An Appointment with the Wicker Man

27 Feb 2012 in Aberdeen City & Shire, Dance & Drama, Highland, Showcase

His Majesty’s Theatre, Aberdeen, 22 February 2012, and touring

YOU may not know the name, but you’ll recognise the Loch Parry Players. They’re the kind of amdram company you’ll find in towns and villages throughout the country.

YOU’LL be familiar with the founder member who runs the society as if he were in charge of a multinational corporation, his 21-year-old daughter harbouring impossible dreams of stardom in the big city, and the flamboyant director whose camp demeanour and love of a big chorus line suggests his marriage is not a true reflection of his sexual leanings.

An Appointment with the Wicker Man (photo Manuel Harlan)

An Appointment with the Wicker Man (photo Manuel Harlan)

What will be less familiar is the repertoire of the Loch Parry Players. In its time, the company has put on amdram standards from Oliver to Carousel, just as you’d expect. Of late, however, it has branched out into a less conventional programme that includes Glengarry Glenrothes, Gary Glitter: Mad about the Boy and Josef Fritzl Superstar.

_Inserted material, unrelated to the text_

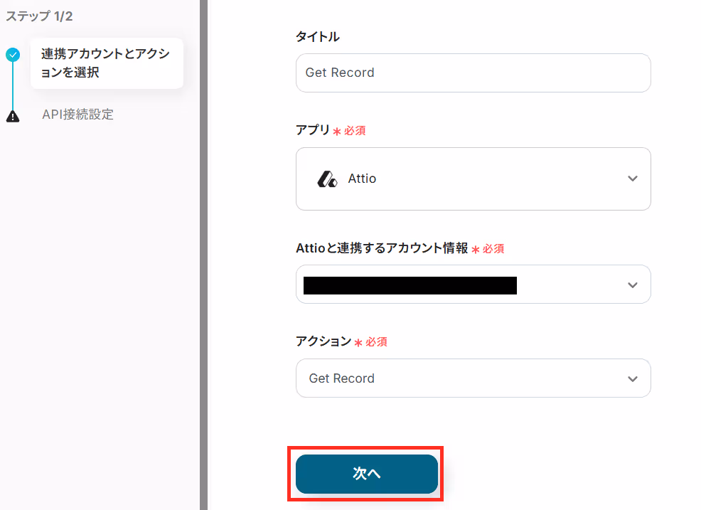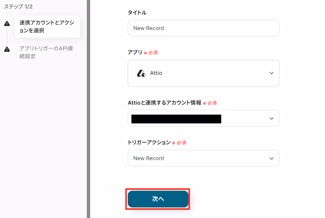 タイトルを任意で設定し、Attioと連携するアカウントやアクション内容を確認したら「次へ」を押してください。

They haven’t been well received but, regardless, the company is ploughing ahead with an adaptation of The Wicker Man, the cult 1973 horror movie set in the fictional Scottish community of Summerisle where a mainland policeman played by Edward Woodward reckons he’s come across a case of pagan child sacrifice.

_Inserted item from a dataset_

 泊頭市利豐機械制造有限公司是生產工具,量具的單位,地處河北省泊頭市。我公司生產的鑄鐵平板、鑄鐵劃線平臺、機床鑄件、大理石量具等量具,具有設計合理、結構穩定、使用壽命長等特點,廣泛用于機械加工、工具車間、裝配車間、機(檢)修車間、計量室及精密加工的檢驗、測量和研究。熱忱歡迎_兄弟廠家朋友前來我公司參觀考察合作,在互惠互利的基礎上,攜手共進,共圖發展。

Thanks to Paul Giovanni’s whimsical folk score, it turns out to be surprisingly good material for a musical – and there are several full-blown song-and-dance numbers in Vicky Featherstone’s production for the National Theatre of Scotland – but the Loch Parry Players have a drama of their own to be getting on with. One of the lead actors is absent – no one is quite sure why – and a professional actor, famed for his role in TV cop show Blood Beat, has been drafted in as a last-minute replacement.

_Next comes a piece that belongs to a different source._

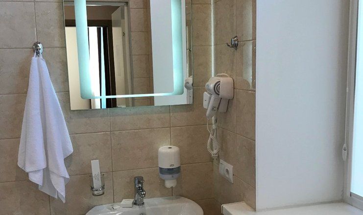 Санузел: душевая кабина, раковина, унитаз, фен, гигиенические принадлежности, тапочки

In this send-up by Greg Hemphill and Donald McLeary, the action of the play within a play begins to mirror the action of the film, and the stand-in actor starts to fear for his life. Behind their jolly and bumbling appearance, the Loch Parry Players appear to be as evil as their counterparts in the movie.

Performed by a top team of Scottish actors, An Appointment with the Wicker Man is a big-hearted and funny romp. It’s also throw-away and insubstantial, providing fun and laughter while it lasts, but nothing to get your teeth into once the comedy subsides. Like the flaming wicker man, it dazzles and delights, then burns out quickly.